22日、政府、民主党双方から鳩山由紀夫首相や小沢一郎幹事長らが首相官邸に集まり、初めての政府・民主党首脳会議を開いた。政府は26日召集の臨時国会に、北朝鮮に出入りする船舶などの貨物を検査するための貨物検査特別措置法案を提出する方針を伝えたのに対し、党側は36日間と短い国会会期を理由に、法案成立は難しいと回答した。首脳会議は今後、定例化されるが、法案処理を巡る双方の温度差は否めず、貨物検査特措法案に関しては、提出見送り論も出始めた。【近藤大介、太田誠一】
国会召集日を巡り、政府と民主党はさや当てを演じた経緯がある。このため政府側が、両者の足並みをそろえる目的で首脳会議を呼び掛けた。この日は政府側から、鳩山首相と菅直人副総理兼国家戦略担当相、平野博文官房長官が出席、民主党の方は小沢氏や輿石東参院議員会長、山岡賢次国対委員長が顔をそろえた。遅れて部屋に入った鳩山首相に、小沢氏は椅子から立ち上がって笑顔で迎えた。

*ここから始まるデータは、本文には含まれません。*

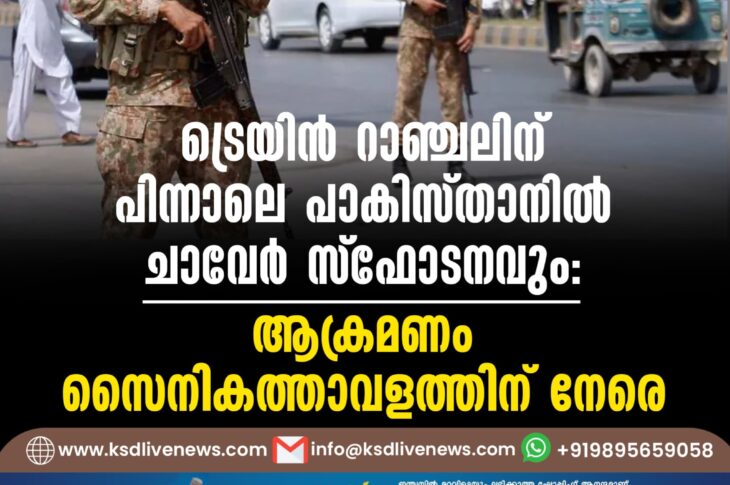 വിദേശം ട്രെയിൻ റാഞ്ചലിന് പിന്നാലെ പാകിസ്താനിൽ ചാവേർ സ്ഫോടനവും; ആക്രമണം സൈനികത്താവളത്തിന് നേരെMarch 13, 2025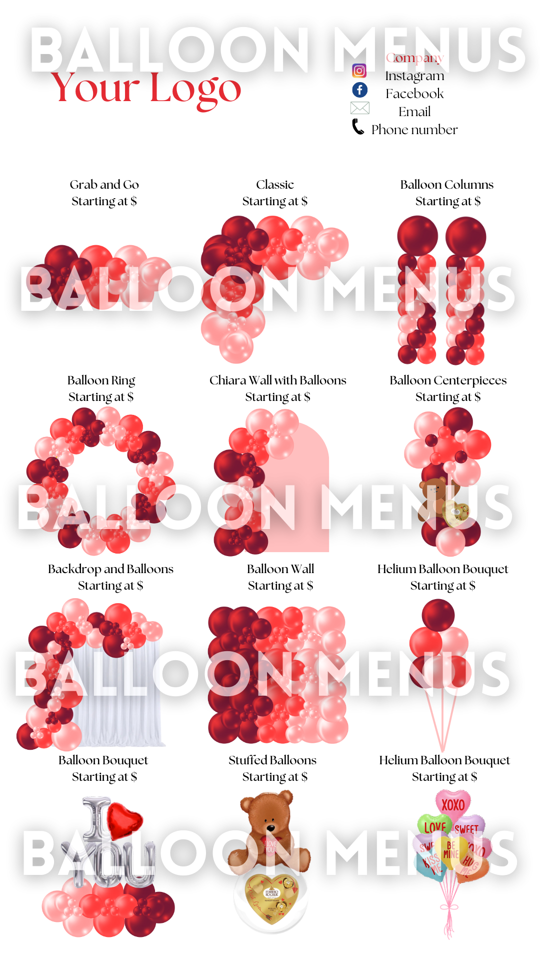 Make party planning easier and effortless with our Digital Balloon Menu! Designed to help party planners showcase their services and give clients a clear preview of offerings, this fully editable menu is a must-have tool for your business!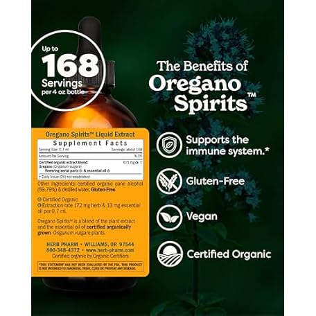 • Herb Pharm Oregano Spirits Extract and Essential Oil Blend for Immune Support* - 4 Ounce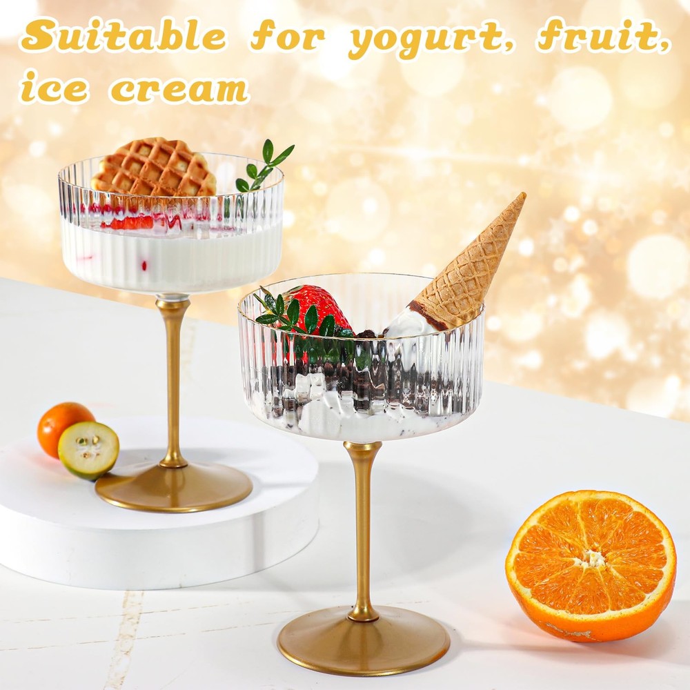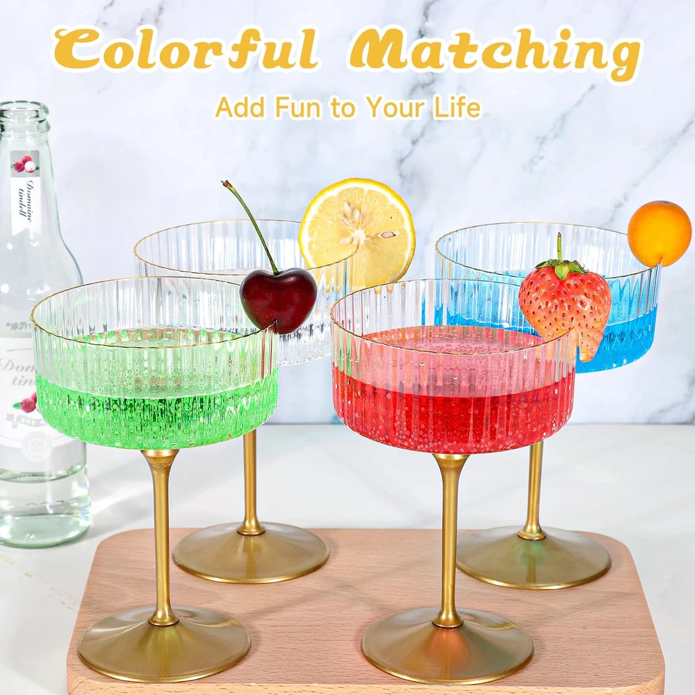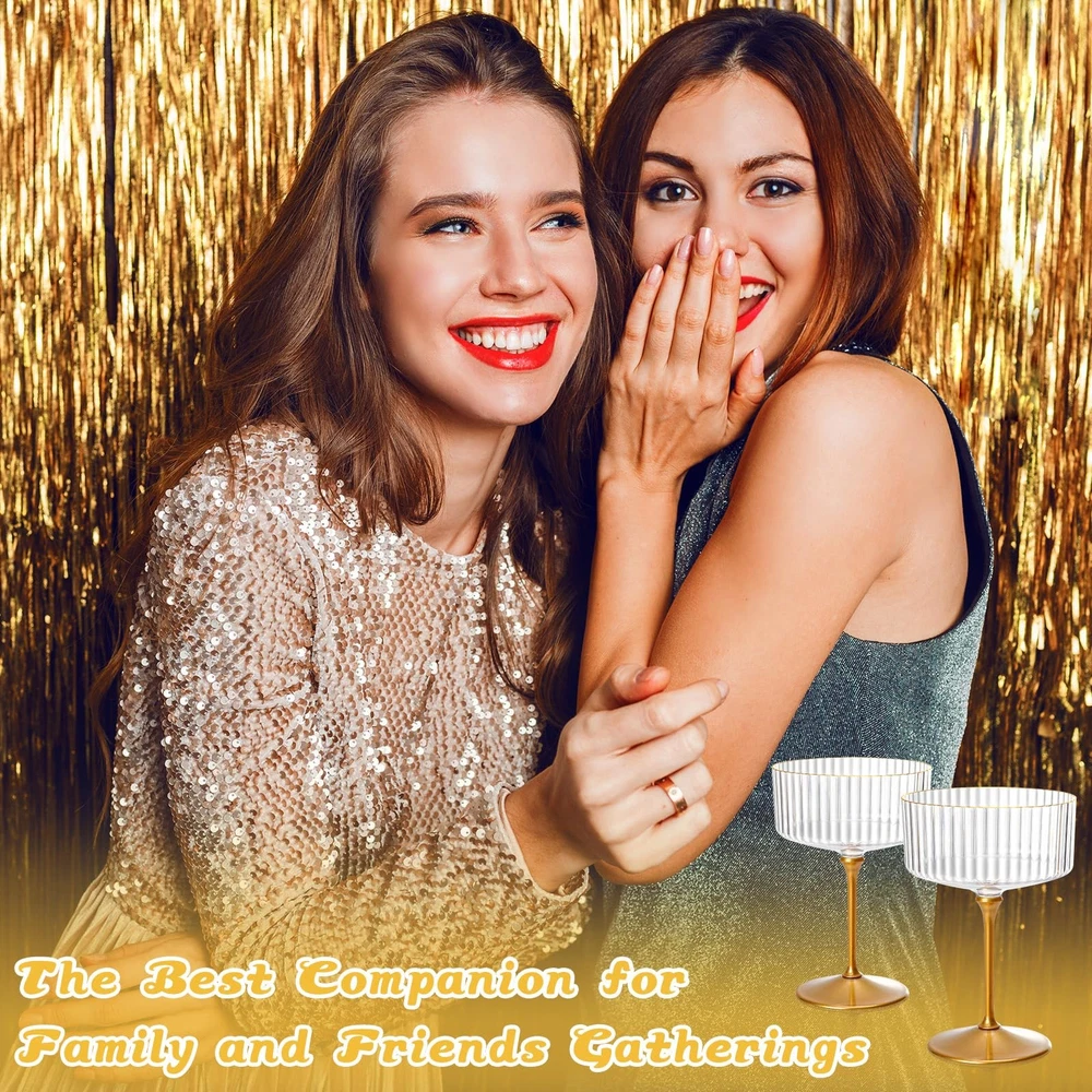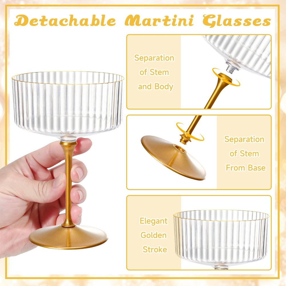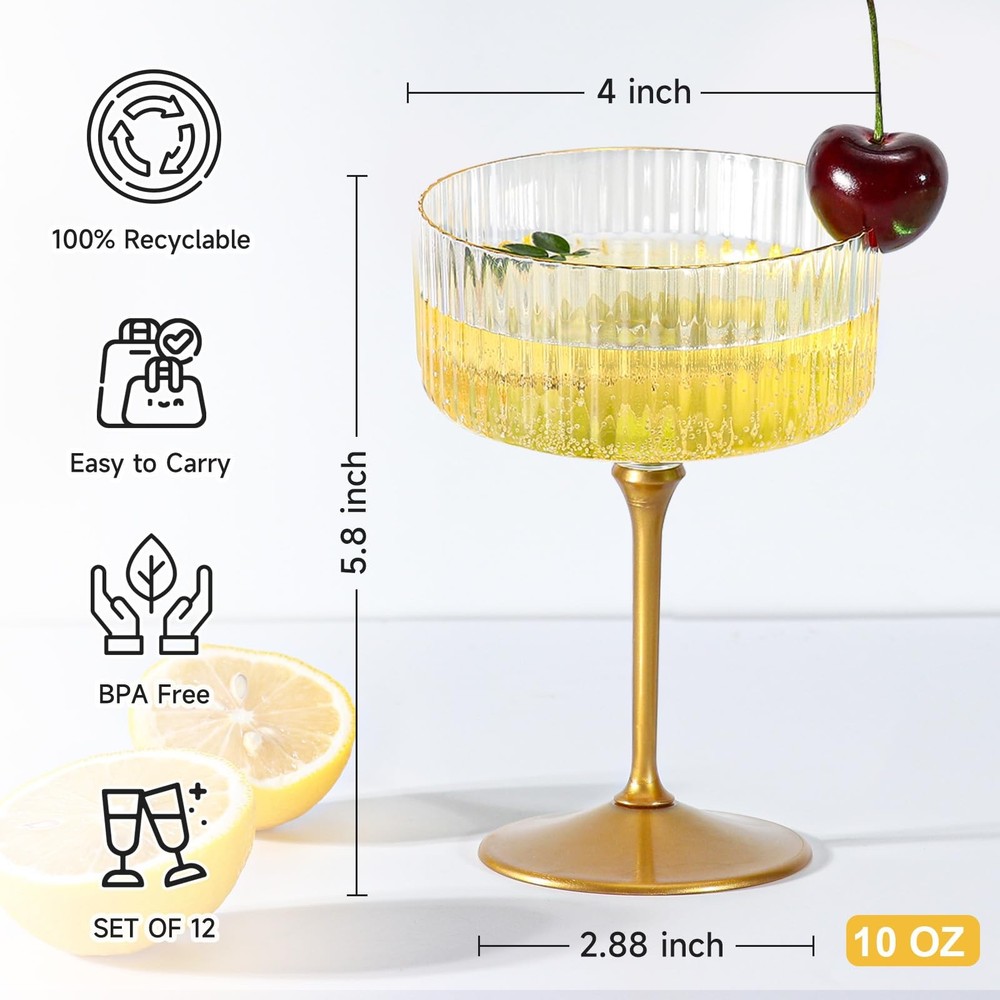 Material: plastic Color: gold pink Size:5.8*4*2.88 inch Application: Weddings, Engagements, Birthday,Party,wedding Note: Our cups are made of acrylic plastic, not glass. Perfect beverage capacity: Exquisite Martini Glasses, a set of 12 beautifully crafted wine glasses, combine style, durability, and versatility. These wine glasses are 5.8 inches tall and 4 inches in diameter, and can hold up to 10 ounces of your favorite champagne or cocktail. Our martini glasses will impress your home bar and receptions with their elegant and modern design. Durable and sustainable: Our martini glasses plastic are made of high-quality acrylic plastic, making them unbreakable and shatterproof. In addition, our cups are detachable, and its stem and base can be easily removed, which is very convenient to carry. You can put the removed cups into your carry-on bag without taking up too much space.Whether it's a picnic in the park, a day at the beach, or a boat trip. You can enjoy your favorite drink without worrying about accidental breakage, allowing you to fully enjoy the beauty of summer Eye-catching appearance: Our gold rim coupe glasses have a translucent pink appearance, well-made and with attention to detail, the pink hue adds vitality to your life, and the elegant gold-stamped cup mouth has a more noble luster, which enhances your entertainment experience Multiple beverages available: Our vintage coupe cocktail glasses add a touch of elegance to your collection of utensils, and the exquisite design adds charm to any drink, whether it is wine, champagne or cocktails, etc., can be served in our cups, whether it is a summer party or a party, you can impress your friends Multiple scenarios: Our martini glasses plastic are the best gifts for your loved ones, whether it is a birthday party, wedding dinner, bachelor party or anniversary, housewarming gift, etc., using a set of safe and unbreakable martini cups as a gift is a thoughtful and practical gift
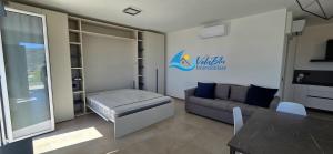 Featuring a private entrance, this air-conditioned holiday home consists of 1 living room, 1 separate bedroom and 1 bathroom with a shower and a bidet. In the fully equipped kitchen, guests will find a stovetop, a refrigerator, a dishwasher and kitchenware. Boasting a terrace with sea views, this holiday home also provides a washing machine and a flat-screen TV. The unit offers 2 beds.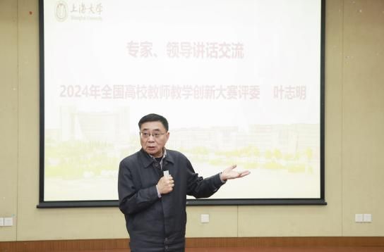 获奖选手代表分享结束后,全国高校教师教学创新大赛评委叶志明向所有参赛教师表示了热烈的祝贺。他强调,这次比赛不仅是对教学成果的认可,更是对教师们教学创新精神的鼓励。他认为,教师应是教研融合的实践者,只有将教学与研究紧密结合,以科研的态度去对待每一项工作,才能有更大的收获。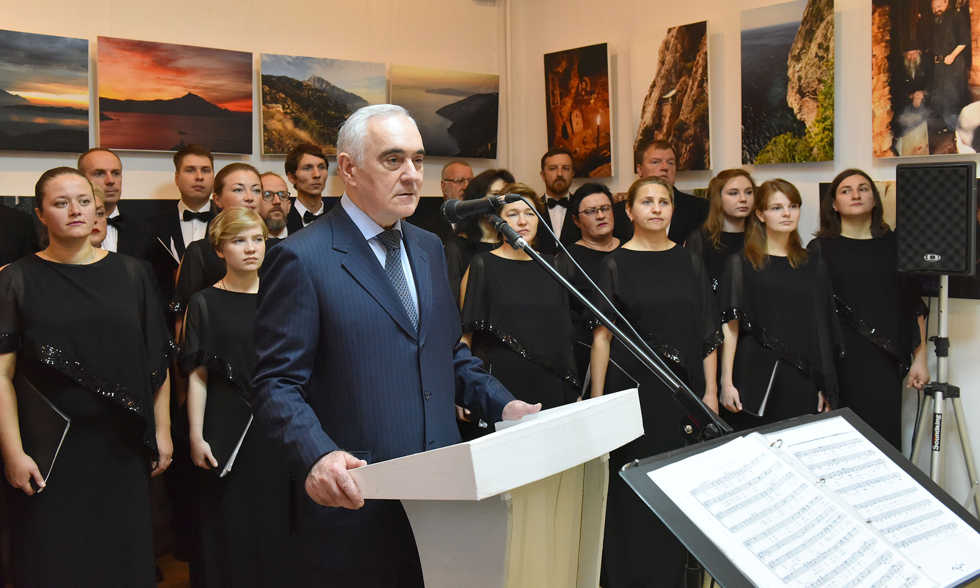— Уважаемые друзья! Сегодня действительно торжество торжеств. Очень приятно, что в нашем Центральном федеральном округе открывается такая великолепная выставка нашей российской истории «Наш Афон». Мы сделали первые шаги по выставочному залу, и с первыми шагами увидели, насколько художник, фотограф, я бы сказал ученый Костас, действительно любит это ремесло. Человек, который живет этой выставкой и нашей историей, сохраняет ее для нас, для нашей России.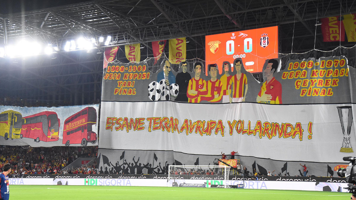 Gürsel Aksel Stadı’nda biletleri günler öncesinden tüketen sarı-kırmızılılar tribünleri tıklım tıklım doldurdu. Göztepeliler her iki kale arkasında da koreografi gösterileri yaptı. “Efsane Tekrar Avrupa Yollarında” pankartı açan renkli görüntüler oluşturdu. Beşiktaşlı taraftarlar da kendilerine ayrılan deplasman tribünü tamamen doldurdu.

ただ、具体的な協議となると、22日も双方の呼吸は合わないまま。貨物検査特措法案について平野氏が「(臨時国会での)提出を検討している」と表明したのに対し、山岡氏は「次から次へとやりたい法案が出てくるが、非常に難しい状況だ。臨時国会で仕上げるのは、一般論的に極めて難しい」と述べ、政府側にクギを刺した。
一方、永住外国人に地方参政権を付与する法案では、政府と民主党の姿勢が逆転した。推進論者の小沢氏の意向を踏まえ、山岡氏が「対応を考えていただきたい」と要請したものの、鳩山首相は22日夜、首相官邸で記者団に「法案の準備ができあがっている状況ではない。次の国会では難しいのではないか」と述べるにとどめた。
政府と民主党だけの首脳会議は、連立与党内にも波紋を広げている。社民党の重野安正幹事長は22日の記者会見で、会議開催を尋ねる質問に対し「全然、聞いていない」と驚いた。与党内で存在感を高めたい社民党は、政府側に定期会合を開くよう申し入れてきただけに、党内からは「会議の趣旨を平野氏に確かめたい」(幹部)との不満も漏れる。